Work to be completed »
Reproduce word for word the lines of the listing from the first one through the one with "No place, no", omitting every picture.

======== Recorded data

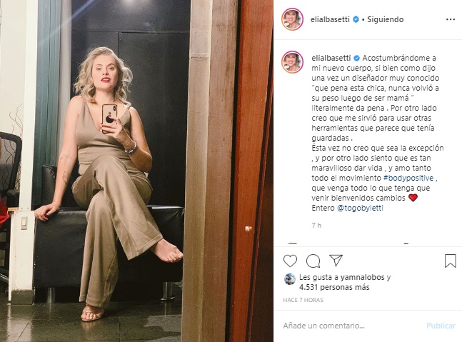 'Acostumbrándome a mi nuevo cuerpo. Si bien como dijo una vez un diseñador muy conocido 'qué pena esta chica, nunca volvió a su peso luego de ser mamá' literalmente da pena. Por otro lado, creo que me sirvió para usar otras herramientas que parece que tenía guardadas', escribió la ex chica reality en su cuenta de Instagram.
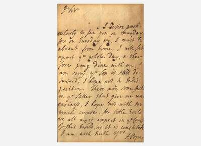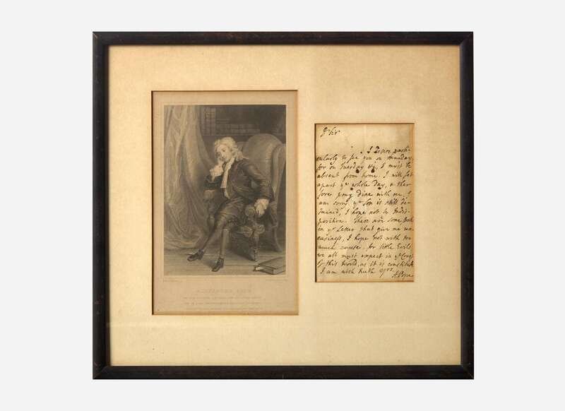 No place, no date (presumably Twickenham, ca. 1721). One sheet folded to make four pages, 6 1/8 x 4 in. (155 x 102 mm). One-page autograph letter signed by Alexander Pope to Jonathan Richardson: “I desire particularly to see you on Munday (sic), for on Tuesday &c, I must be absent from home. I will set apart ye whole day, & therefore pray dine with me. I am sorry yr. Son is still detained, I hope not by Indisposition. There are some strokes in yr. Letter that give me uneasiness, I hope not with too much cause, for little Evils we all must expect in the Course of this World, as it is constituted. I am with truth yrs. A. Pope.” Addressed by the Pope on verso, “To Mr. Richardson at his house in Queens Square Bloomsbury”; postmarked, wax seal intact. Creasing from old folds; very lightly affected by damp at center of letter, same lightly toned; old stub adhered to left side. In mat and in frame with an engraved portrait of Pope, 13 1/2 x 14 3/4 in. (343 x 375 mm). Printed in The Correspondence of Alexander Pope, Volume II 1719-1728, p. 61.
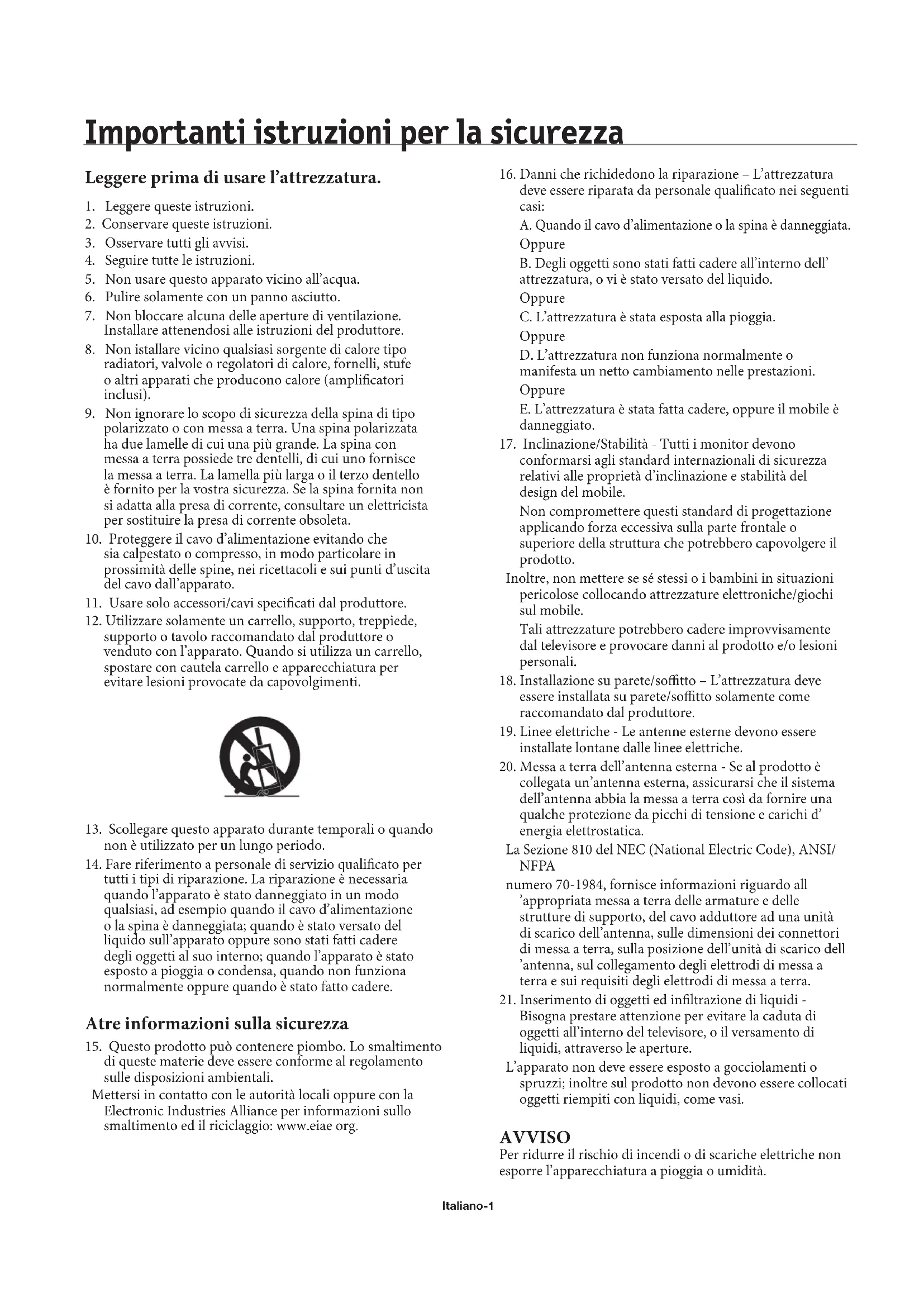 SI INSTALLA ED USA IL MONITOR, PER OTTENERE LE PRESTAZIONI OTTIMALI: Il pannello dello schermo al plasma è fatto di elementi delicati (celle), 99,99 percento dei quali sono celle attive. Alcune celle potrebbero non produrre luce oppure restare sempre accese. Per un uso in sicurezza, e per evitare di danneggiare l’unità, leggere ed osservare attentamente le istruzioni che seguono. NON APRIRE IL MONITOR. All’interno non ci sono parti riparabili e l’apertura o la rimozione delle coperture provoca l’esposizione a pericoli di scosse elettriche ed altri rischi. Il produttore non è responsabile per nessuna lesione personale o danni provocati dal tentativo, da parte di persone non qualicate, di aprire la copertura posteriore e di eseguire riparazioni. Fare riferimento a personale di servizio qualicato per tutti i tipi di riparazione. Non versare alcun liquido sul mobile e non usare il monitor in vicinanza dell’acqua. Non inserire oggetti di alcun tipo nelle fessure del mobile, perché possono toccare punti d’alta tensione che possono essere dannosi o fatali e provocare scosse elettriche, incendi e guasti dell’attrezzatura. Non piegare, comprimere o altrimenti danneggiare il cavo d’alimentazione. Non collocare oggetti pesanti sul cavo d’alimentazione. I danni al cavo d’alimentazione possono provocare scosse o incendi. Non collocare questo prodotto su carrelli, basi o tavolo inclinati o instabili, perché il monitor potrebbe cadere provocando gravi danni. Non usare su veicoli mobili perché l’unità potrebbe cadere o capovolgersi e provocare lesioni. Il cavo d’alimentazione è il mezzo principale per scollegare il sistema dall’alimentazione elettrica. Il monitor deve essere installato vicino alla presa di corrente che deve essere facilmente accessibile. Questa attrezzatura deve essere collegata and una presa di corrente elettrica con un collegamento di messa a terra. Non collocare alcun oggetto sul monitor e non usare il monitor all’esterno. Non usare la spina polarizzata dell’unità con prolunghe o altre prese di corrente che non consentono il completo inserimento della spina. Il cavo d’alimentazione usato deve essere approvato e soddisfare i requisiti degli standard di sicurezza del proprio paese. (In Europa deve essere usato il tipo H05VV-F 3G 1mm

================

Task solution »
 'Acostumbrándome a mi nuevo cuerpo. Si bien como dijo una vez un diseñador muy conocido 'qué pena esta chica, nunca volvió a su peso luego de ser mamá' literalmente da pena. Por otro lado, creo que me sirvió para usar otras herramientas que parece que tenía guardadas', escribió la ex chica reality en su cuenta de Instagram.
 No place, no date (presumably Twickenham, ca. 1721). One sheet folded to make four pages, 6 1/8 x 4 in. (155 x 102 mm). One-page autograph letter signed by Alexander Pope to Jonathan Richardson: “I desire particularly to see you on Munday (sic), for on Tuesday &c, I must be absent from home. I will set apart ye whole day, & therefore pray dine with me. I am sorry yr. Son is still detained, I hope not by Indisposition. There are some strokes in yr. Letter that give me uneasiness, I hope not with too much cause, for little Evils we all must expect in the Course of this World, as it is constituted. I am with truth yrs. A. Pope.” Addressed by the Pope on verso, “To Mr. Richardson at his house in Queens Square Bloomsbury”; postmarked, wax seal intact. Creasing from old folds; very lightly affected by damp at center of letter, same lightly toned; old stub adhered to left side. In mat and in frame with an engraved portrait of Pope, 13 1/2 x 14 3/4 in. (343 x 375 mm). Printed in The Correspondence of Alexander Pope, Volume II 1719-1728, p. 61.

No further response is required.